The change of life isn’t purely physical. Perimenopause carries a measurably higher risk for depression and anxiety, even in women with no prior history of mood disorders. The Penn Ovarian Aging Study found a four-fold increase in depression among women going through the menopausal transition compared to their pre-menopausal years. Separately, the Study of Women’s Health Across the Nation found that being perimenopausal more than doubled the risk of depression during follow-up. Anxiety symptoms tend to persist into the postmenopausal years for some women.

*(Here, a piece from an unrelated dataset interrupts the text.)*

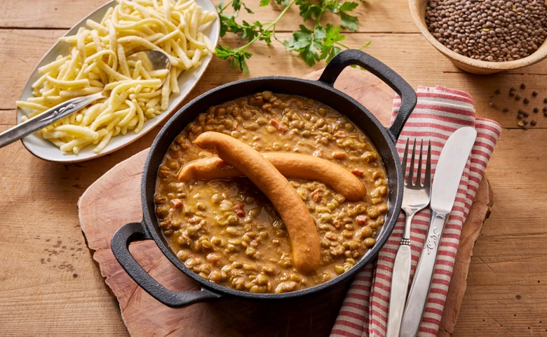 mit Bockwürstchen vom Schwein und geräuchertem Speck

These mood changes are driven partly by hormonal fluctuations and partly by the sleep disruption that night sweats cause. Chronic poor sleep compounds irritability, difficulty concentrating, and low mood. Many women describe feeling like a different person during this stretch, and recognizing that these shifts have a biological basis can be reassuring.

Managing Symptoms

Hormone therapy remains the most effective treatment for hot flashes and is generally recommended for women within 10 years of their final menstrual period who don’t have specific risk factors that rule it out. Beyond hot flashes, hormone therapy can help protect bone density and relieve vaginal dryness. The decision is individual and depends on your health history, the severity of your symptoms, and how they affect your daily life.

For women who can’t or prefer not to use hormones, the FDA approved a non-hormonal prescription medication called fezolinetant (brand name Veozah) in 2023. It works by blocking a receptor in the brain involved in temperature regulation, directly targeting the mechanism behind hot flashes rather than replacing estrogen. Clinical trials showed meaningful reductions in both the frequency and severity of moderate to severe hot flashes over 12 weeks.

Lifestyle factors also make a real difference. Regular exercise, particularly strength training and weight-bearing activity, supports bone health, improves sleep, and helps stabilize mood. Keeping your bedroom cool and wearing breathable fabrics can reduce the impact of night sweats. Vaginal moisturizers used regularly (not just during sex) help maintain tissue health, and water-based lubricants address dryness during intercourse. For more significant vaginal or urinary symptoms, low-dose vaginal estrogen delivers the hormone locally without the systemic effects of oral therapy.

Early Menopause

Some women experience menopause before 40, known as premature menopause. This can result from chromosomal differences, autoimmune conditions, surgical removal of the ovaries, or causes that are never identified. Early menopause carries the same symptoms but brings additional concerns: a longer lifetime exposure to low estrogen means greater cumulative risk for bone loss and cardiovascular disease. Women who reach menopause early typically benefit from hormone therapy at least until the typical age of natural menopause to offset those risks.